President of the 76th UN General Assembly
- In office 14 September 2021 – 13 September 2022
- Preceded by: Volkan Bozkır
- Succeeded by: Csaba Kőrösi

Minister of Foreign Affairs
- In office 17 November 2018 – 17 November 2023
- President: Ibrahim Mohamed Solih
- Preceded by: Mohamed Asim
- Succeeded by: Moosa Zameer
- In office 23 August 2007 – 11 November 2008
- President: Maumoon Abdul Gayoom
- Preceded by: Ahmed Shaheed
- Succeeded by: Ahmed Shaheed

16th Speaker of the People's Majlis
- In office 28 May 2009 – 28 May 2014
- President: Mohamed Nasheed Mohamed Waheed Hassan Abdulla Yameen
- Preceded by: Mohamed Shihab
- Succeeded by: Abdulla Maseeh Mohamed

Member of the People's Majlis
- In office 28 May 2014 – 14 November 2018
- Preceded by: Constituency established
- Constituency: Henveiru Uthuru
- In office 28 May 2009 – 28 May 2014
- Succeeded by: Moosa Nizar Ibrahim
- Constituency: Keyodhoo

President of the Maldivian Democratic Party
- In office 20 February 2024 – 14 August 2026
- Preceded by: Ibrahim Mohamed Solih

Personal details
- Born: 26 May 1962 (age 64) Malé, Maldive Islands
- Party: Maldivian Democratic Party (2013–present)
- Other political affiliations: Dhivehi Rayyithunge Party (before 2013)
- Children: 3
- Parent(s): Maimoona Wajeeh Moosa Jameel
- Education: Canberra College of Advanced Education Fletcher School of Law and Diplomacy

= Abdulla Shahid =

President of the 76th UN General Assembly

Abdulla Shahid, (ޢަބްދުﷲ ޝާހިދު; born 26 May 1962) is a Maldivian diplomat, politician, and public servant who served as the President of the 76th session of the United Nations General Assembly from 2021 to 2022. He also served as the Minister of Foreign Affairs of the Maldives from 2018 to 2023. A member of the Maldivian Democratic Party, he served as the President of the party from 2024 until his resignation in 2026.

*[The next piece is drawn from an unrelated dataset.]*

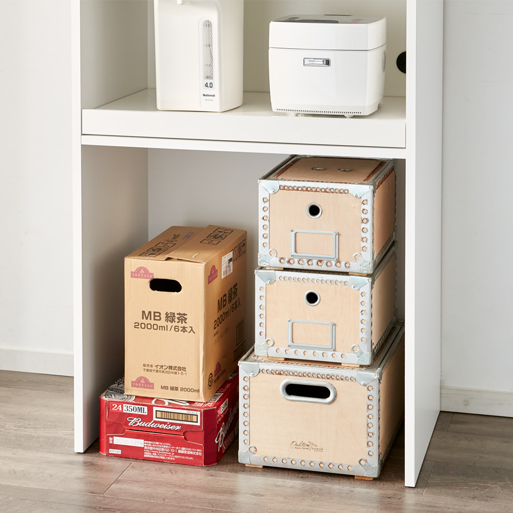 最下段のオープン収納は、重たい箱やごみ箱の指定席に。

Shahid has held a range of senior positions in government and parliament over a four-decade career, including Speaker of the People's Majlis (2009–2014) and multiple terms as a Member of the People's Majlis. He is known for his contributions to multilateral diplomacy, democratic governance, and constitutional reform in the Maldives.

==Early life and education==

Shahid joined the Ministry of Foreign Affairs in 1984. He earned his bachelor's degree in political science from the Canberra College of Advanced Education in 1987. In 1991, he obtained a master's degree in international relations from the Fletcher School of Law and Diplomacy, Tufts University. From 1990 to 1994, Shahid served on the advisory board to President Maumoon Abdul Gayoom.

==Career==

===Early diplomatic service===

Shahid began his career in the Maldives' foreign service, rising through the ranks of the Ministry of Foreign Affairs where he was appointed director in 1993. He led the International Organizations and Conferences Department and represented the Maldives in a number of international fora, including the United Nations, the Commonwealth of Nations, the Non-Aligned Movement and the Organization of Islamic Conference.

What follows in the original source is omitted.